Listed records —

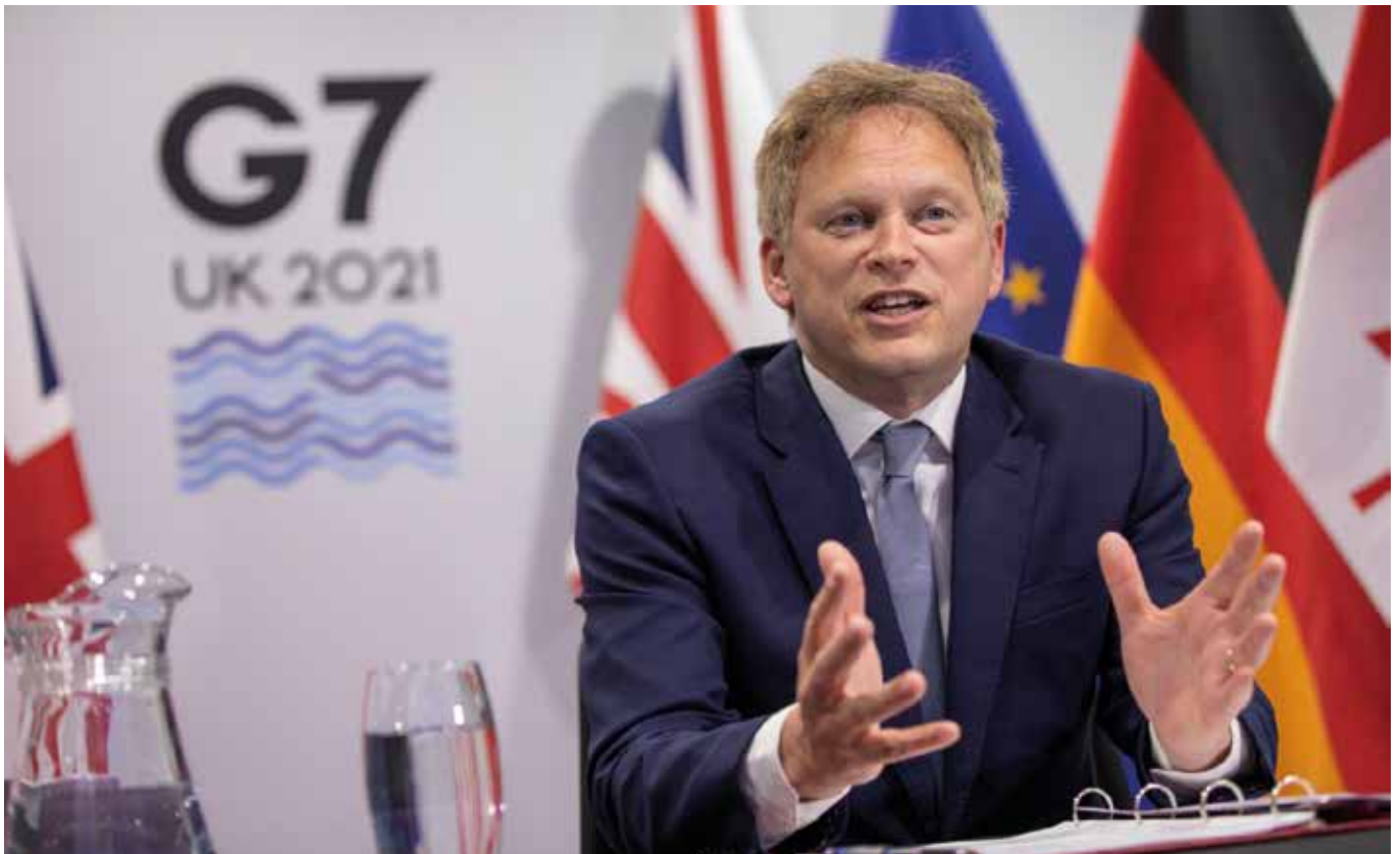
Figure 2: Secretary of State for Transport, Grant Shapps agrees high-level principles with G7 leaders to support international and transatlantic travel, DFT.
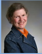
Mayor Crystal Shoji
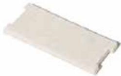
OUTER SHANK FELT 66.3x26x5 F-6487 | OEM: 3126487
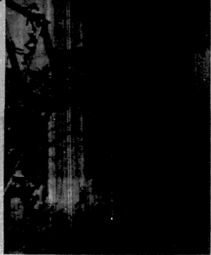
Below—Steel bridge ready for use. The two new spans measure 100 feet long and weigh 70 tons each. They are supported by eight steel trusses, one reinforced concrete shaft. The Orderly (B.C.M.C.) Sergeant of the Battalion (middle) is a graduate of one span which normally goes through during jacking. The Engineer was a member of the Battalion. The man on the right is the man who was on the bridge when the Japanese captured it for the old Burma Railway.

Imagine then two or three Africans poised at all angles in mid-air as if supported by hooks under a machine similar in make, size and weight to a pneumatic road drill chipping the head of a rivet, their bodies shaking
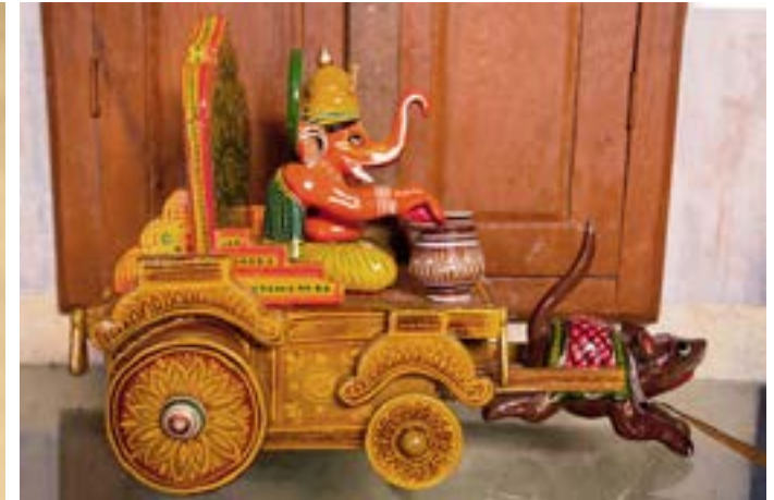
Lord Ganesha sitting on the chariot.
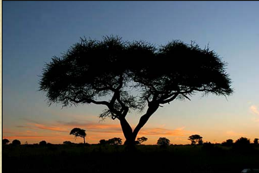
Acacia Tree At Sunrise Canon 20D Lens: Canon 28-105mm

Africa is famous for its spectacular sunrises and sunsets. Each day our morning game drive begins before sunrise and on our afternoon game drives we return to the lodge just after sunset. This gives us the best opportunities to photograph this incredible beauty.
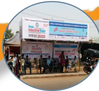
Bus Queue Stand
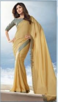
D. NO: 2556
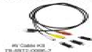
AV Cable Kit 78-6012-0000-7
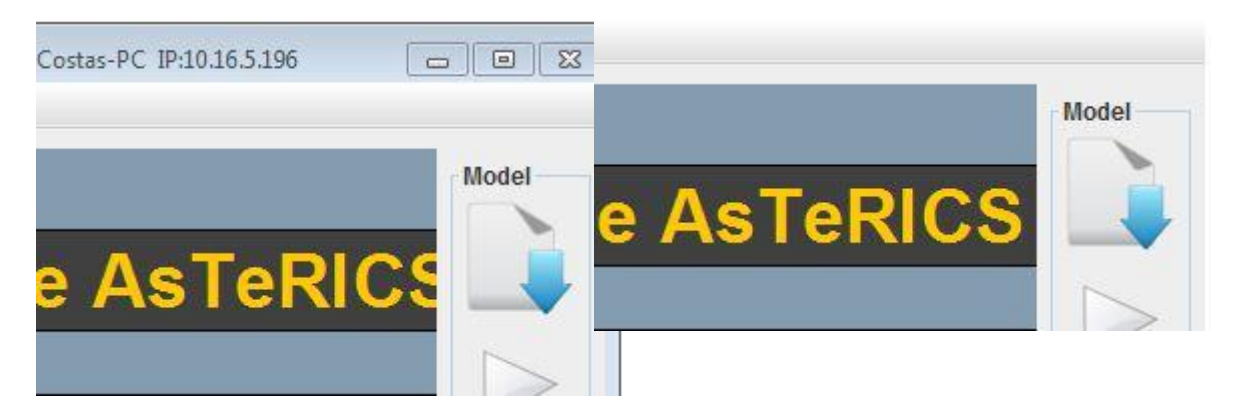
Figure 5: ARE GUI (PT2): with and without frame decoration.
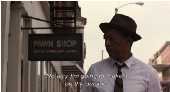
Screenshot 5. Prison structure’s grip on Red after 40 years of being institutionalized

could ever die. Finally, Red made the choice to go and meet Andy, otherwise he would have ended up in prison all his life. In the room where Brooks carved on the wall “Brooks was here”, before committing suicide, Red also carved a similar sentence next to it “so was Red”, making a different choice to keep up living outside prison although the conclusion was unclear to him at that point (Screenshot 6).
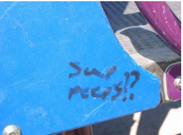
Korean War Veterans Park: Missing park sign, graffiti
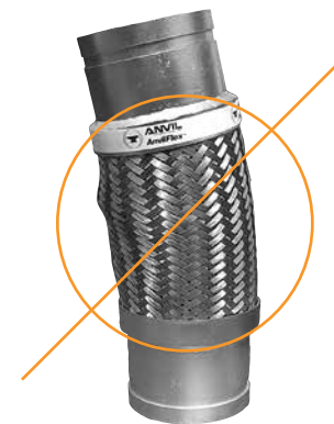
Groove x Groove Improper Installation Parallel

Exercise objective —
Look above for the line containing "Mayor Crystal Shoji", then write out every line from there down to the line containing "Screenshot 5. Prison", that line included, with no pictures.

Exercise result —
Mayor Crystal Shoji
OUTER SHANK FELT 66.3x26x5 F-6487 | OEM: 3126487
Below—Steel bridge ready for use. The two new spans measure 100 feet long and weigh 70 tons each. They are supported by eight steel trusses, one reinforced concrete shaft. The Orderly (B.C.M.C.) Sergeant of the Battalion (middle) is a graduate of one span which normally goes through during jacking. The Engineer was a member of the Battalion. The man on the right is the man who was on the bridge when the Japanese captured it for the old Burma Railway.

Imagine then two or three Africans poised at all angles in mid-air as if supported by hooks under a machine similar in make, size and weight to a pneumatic road drill chipping the head of a rivet, their bodies shaking
Lord Ganesha sitting on the chariot.
Acacia Tree At Sunrise Canon 20D Lens: Canon 28-105mm

Africa is famous for its spectacular sunrises and sunsets. Each day our morning game drive begins before sunrise and on our afternoon game drives we return to the lodge just after sunset. This gives us the best opportunities to photograph this incredible beauty.
Bus Queue Stand
D. NO: 2556
AV Cable Kit 78-6012-0000-7
Figure 5: ARE GUI (PT2): with and without frame decoration.
Screenshot 5. Prison structure’s grip on Red after 40 years of being institutionalized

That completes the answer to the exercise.